Experts from Booz & Company (now PwC) once wrote, “Customer-centric companies understand not only what the customer values, but also the value the customer represents to their bottom line. They align their operating models behind a carefully defined and quantified customer segmentation strategy and tailor business streams— product development, demand generation, production and scheduling, supply chain, customer care, etc.—to delivering the greatest value to the best customers for the least cost.
Today’s retailers operate in a much more complex environment than even a decade ago, with the need to reinvent themselves to appeal to a fickle customer audience. Many retail organisations run multiple store brands, employing different merchandising strategies in each brand. Yet the same customer might shop across one organisation’s brands, from the high-end speciality store to the mass-market department store. Technologically savvy retailers can recognise that individual customer, no matter where they shop, and employ offer optimisation to elicit purchases at both retail outlets.

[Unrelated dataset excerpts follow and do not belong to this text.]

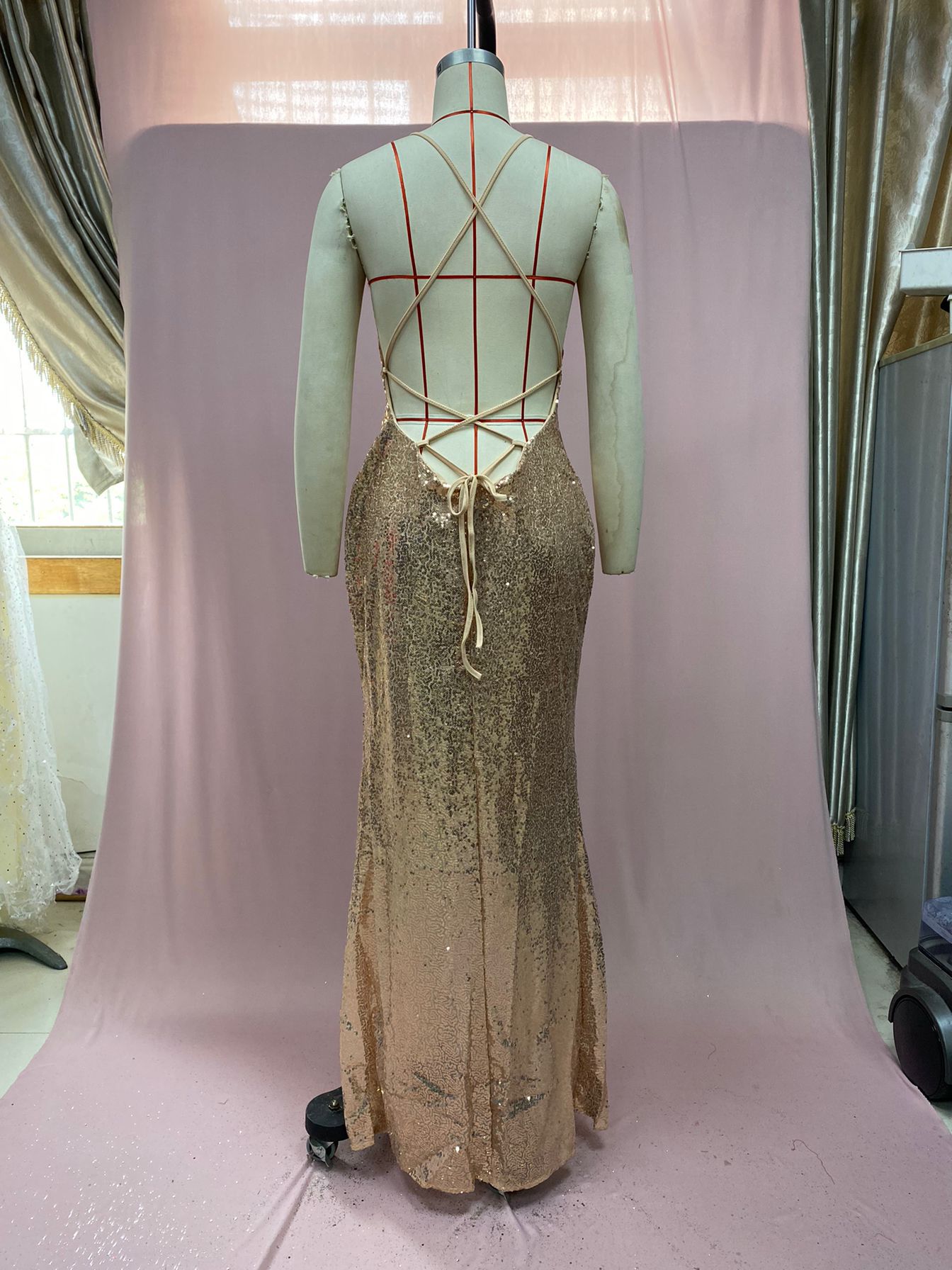 Element: Sequin,Asymmetric,Split,Lace up,Backless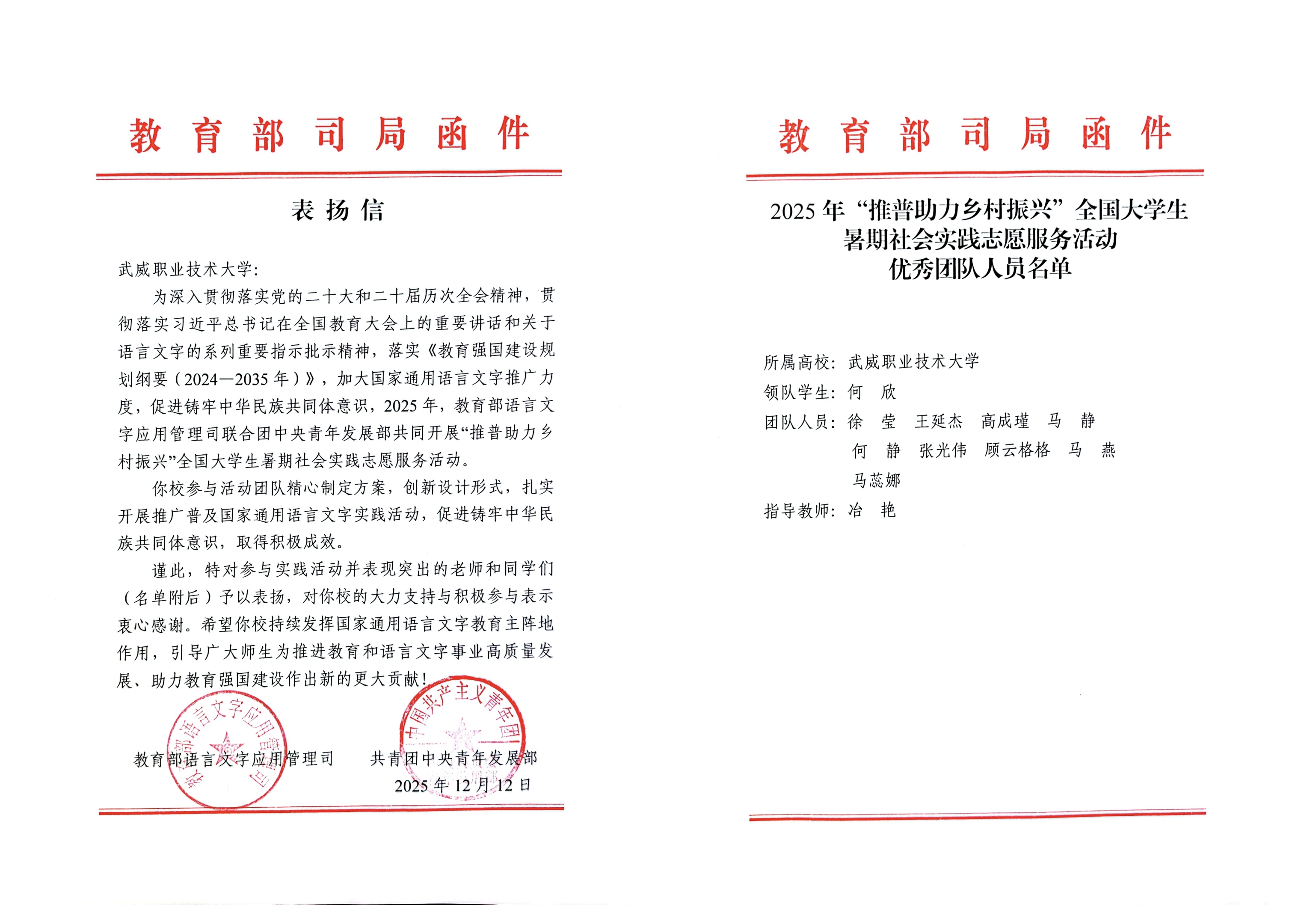 喜報!武威職業(yè)技術(shù)大學(xué)“推普助力·鄉(xiāng)村振興”暑期社會實踐團隊獲評全國優(yōu)秀團隊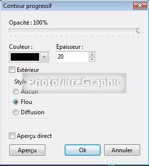 24.Supprimer la sélection puis Menu Filtre > Esthétique > Contour progressif. Epaisseur = 20. Noir

Uplift modelling is a customer-centric solution that helps businesses gain focus on the communications targets that really matter. With the right uplift model and a valid control group, organizations can achieve results over and above current approaches. Many retailers, for example, could be saving money and improving performance on cross-sell, upsell and loyalty campaigns running right now—simply by doing a better job of targeting specific customers who are “Persuadable” for incremental sales.
Retail challenge profitable Customers – Conclusion
In the words of management icon Peter Drucker, “We have to manage our limited resources of people and money for maximum effectiveness. And we have to think through very clearly what results are for our organisation.” In the face of a more saturated market and a tougher fight for every share point, marketing spend needs to be more targeted to where it will have the maximum positive impact on the company. Part of this positive impact will come from building consumer trust—and trust comes through a demonstrated understanding of customer needs and values. And a part of it will come from spending marketing dollars where true uplift can result.
The best uplift efforts go beyond just sending the right communications to the right people. They can also prioritize the use of customer service resources, ensuring that the best prospects receive the best service support. Offer management strategies ensure that retailers are not over-communicating or diminishing customer loyalty.
Selecting the “Persuadable” targets and providing multichannel support such as assigning the best CSRs to these efforts, offering specific self-serve options, or specifying a faster delivery time, for example, can further help to ensure a powerful positive customer experience across channels – and profitable growth in customer relationships.